Ein Mann täuscht mehr als sechs Jahre lang eine massive Sehbehinderung vor, genießt Vorteile eines Behindertenpasses, eines Parkausweises sowie steuerliche Vorteile. Als ihn Beamtinnen und Beamte von Kriminal- und Finanzpolizei bei Kontrollen erwischen, beläuft sich der Schaden bereits auf 900.000 Euro. Fälle wie diese präsentierten Finanz- und Innenministerium zum fünfjährigen Bestehen der gemeinsamen Taskforce "SOLBE" (Sozialleistungsbetrug). Seit dem Start der Einheit wurden insgesamt 89 Millionen Euro Schaden aufgedeckt.
Zuletzt wurden die Kontrollen laut Taskforce-Leiter Gerald Tatzgern um zehn bis 15 Prozent verstärkt, 14 Millionen Euro Schaden wurde allein im ersten Halbjahr 2023 entdeckt. Mehr als 2.200 Fälle wurden bisher bearbeitet, mit 2.288 Tatverdächtigen. "72 Prozent von ihnen sind ausländische Staatsbürger", erklärte Innenminister Gerhard Karner (ÖVP). Die Top 5 der Herkunftsländer seien laut Tatzgern Afghanistan, Syrien, Ukraine, Serbien und Bosnien-Herzegowina.

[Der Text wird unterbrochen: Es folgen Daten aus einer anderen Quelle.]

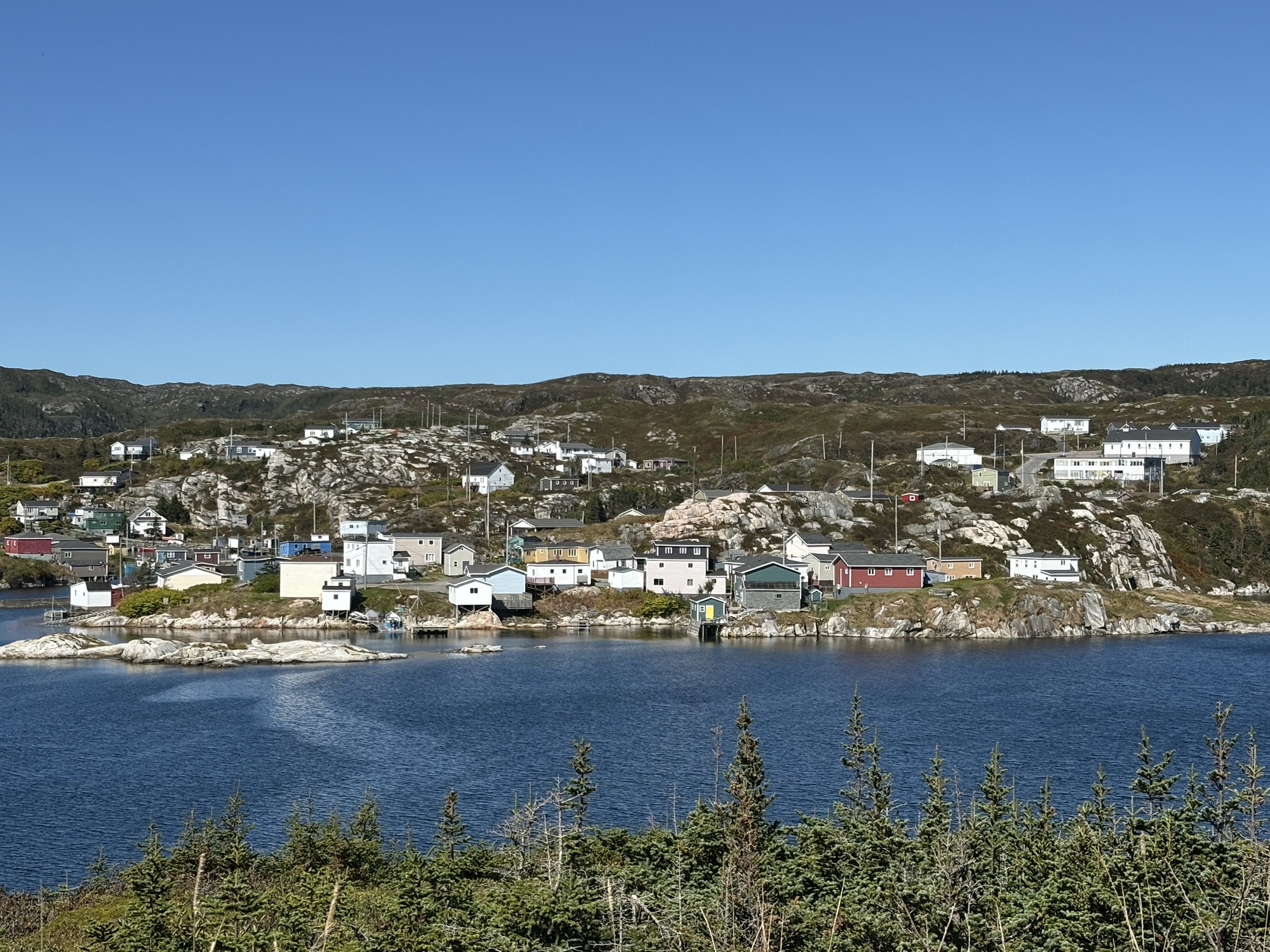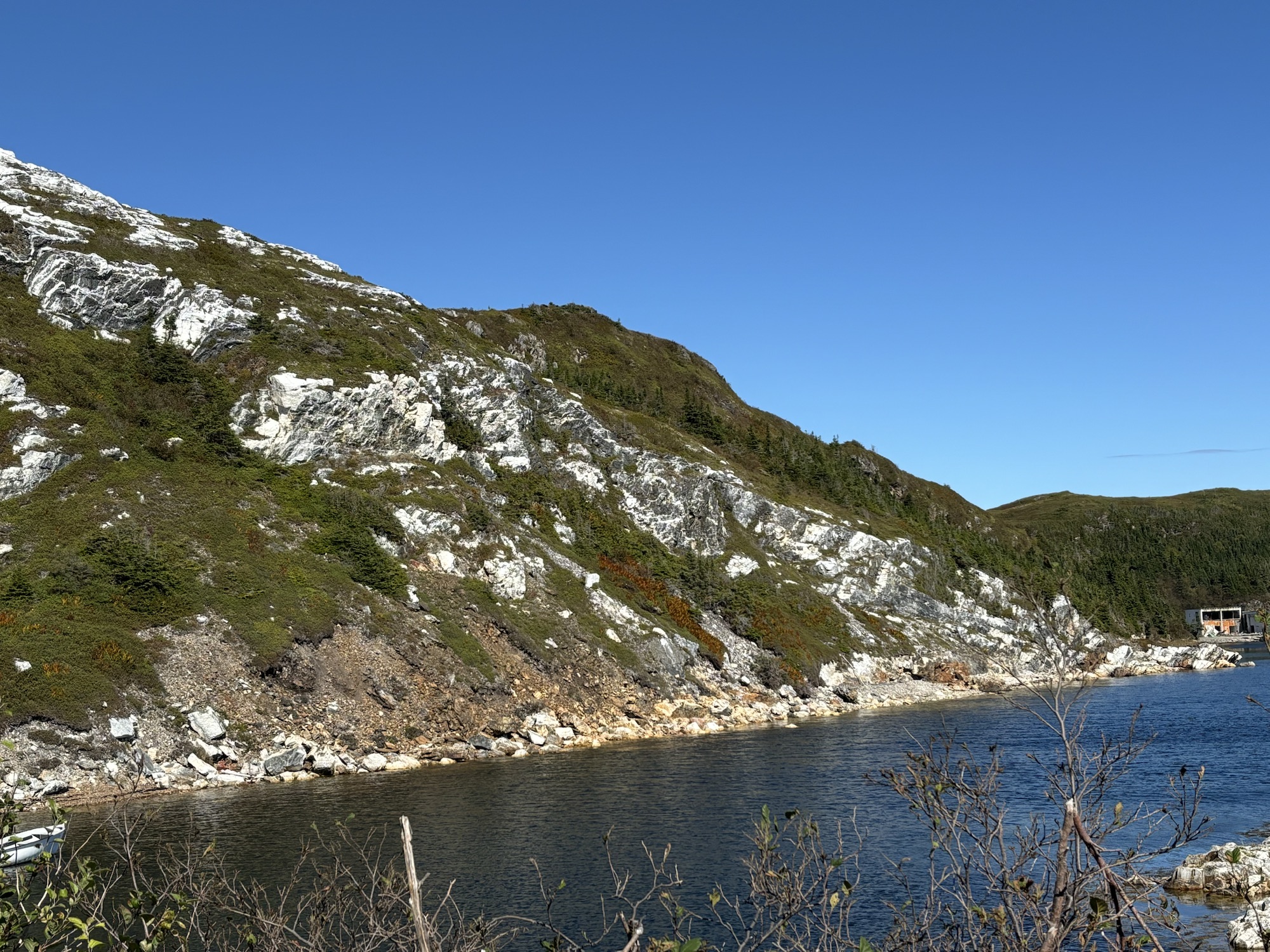 We decided to drive out along the southern cost on the Granite Coast Drive from the port area to Rose Blanche at the end of the road. About 60 miles round trip. Immediately, we could see why they called it the Granite Coast. The landscape and topography were almost like another planet with barren hills and huge boulders. But dispersed around, there were also beautiful mountain lakes and streams. And waterfalls. As we continued along the coast, things changed to be more forested. We stopped at several very small fishing villages along the road with a stop at Diamond Cove as our destination.
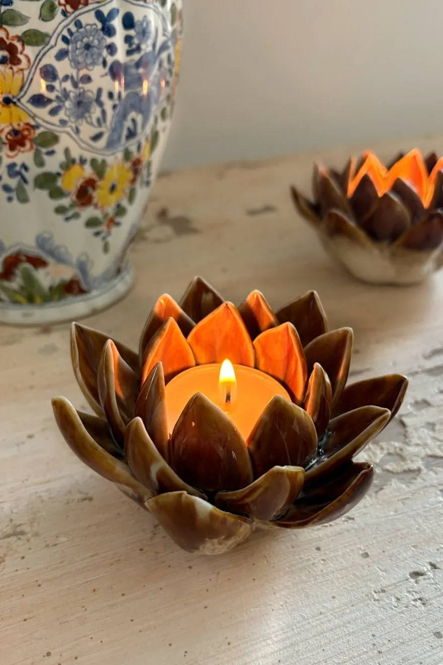 Cristina Oria Candelabros Y Portavelas^Portavelas Flor De Loto Marrón
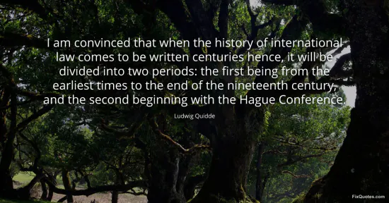 Quidde, Ludwig. "I am convinced that when the history of international law comes to be written centuries hence, it will be divided into two periods: the first being from the earliest times to the end of the nineteenth century, and the second beginning with the Hague Conference." FixQuotes. January 17, 2026. https://fixquotes.com/quotes/i-am-convinced-that-when-the-history-of-61122/.

Aufklärungsquote: 99,5 Prozent
Mehr als die Hälfte der Anzeigen entfallen auf Wien. Es handle sich um ein Kontrolldelikt, vermehrte Kontrollen würden also zu mehr Fällen führen, vermehrte Aufklärung diene wiederum der Abschreckung. Die Aufklärungsquote liegt laut Karner aktuell bei 99,5 Prozent, man arbeite mit ausländischen Behörden in weltweit 80 Ländern zusammen.
Die kontrollierenden Beamten stoßen großteils auf drei Arten von Delikten:
- Widerrechtlicher Bezug von Ausgleichszulagen zur Pension, obwohl die Person ihren Wohnsitz in Österreich nur vortäuscht
- Der Bezug von Sozial- oder Arbeitslosenhilfe, obwohl die Person Einkünfte hat (häufigster Fall)
- Der widerrechtliche Bezug von Familienbeihilfe mit gefälschten Geburtsurkunden
Mehr als 25.000 Kontrollmaßnahmen führe man im Jahr circa durch. Unter anderem wurde eine Dame, die einen lukrativen Parfumhandel führe, dabei erwischt, Notstandshilfe zu beziehen. Knapp eine Million Euro Schaden wurden aufgedeckt. In einem anderen Fall wurde Arbeits- und Notstandshilfe bezogen, obwohl die Person mehr als 300 Tage im Jahr nicht im Land gelebt hatte. Schadenssumme: 200.000 Euro.
Freiheitsstrafe bis zu zehn Jahren
Wer bei solchen Delikten erwischt wird, dem droht bei Betrug eine Freiheitsstrafe von bis zu sechs Monaten. Sind gefälschte Unterlagen und ein größerer Schaden im Spiel, drohen bis zu drei Jahre. Agiert man in einer kriminellen Organisation (häufig mit dem Waschen von Schwarzgeld über fiktive Firmen), drohen bis zu fünf Jahre. Als Höchststrafe sind bis zu zehn Jahre vorgesehen, wenn der Schaden über 300.000 Euro hinausgeht.
Laut Finanzminister Magnus Brunner (ÖVP) dürfe das Sozialsystem "keine Einbahnstraße sein", die man ausnutze. Engmaschige Kontrollen sollen verhindern, "dass sich jemand ungerechtfertigt Sozialleistungen erschleicht".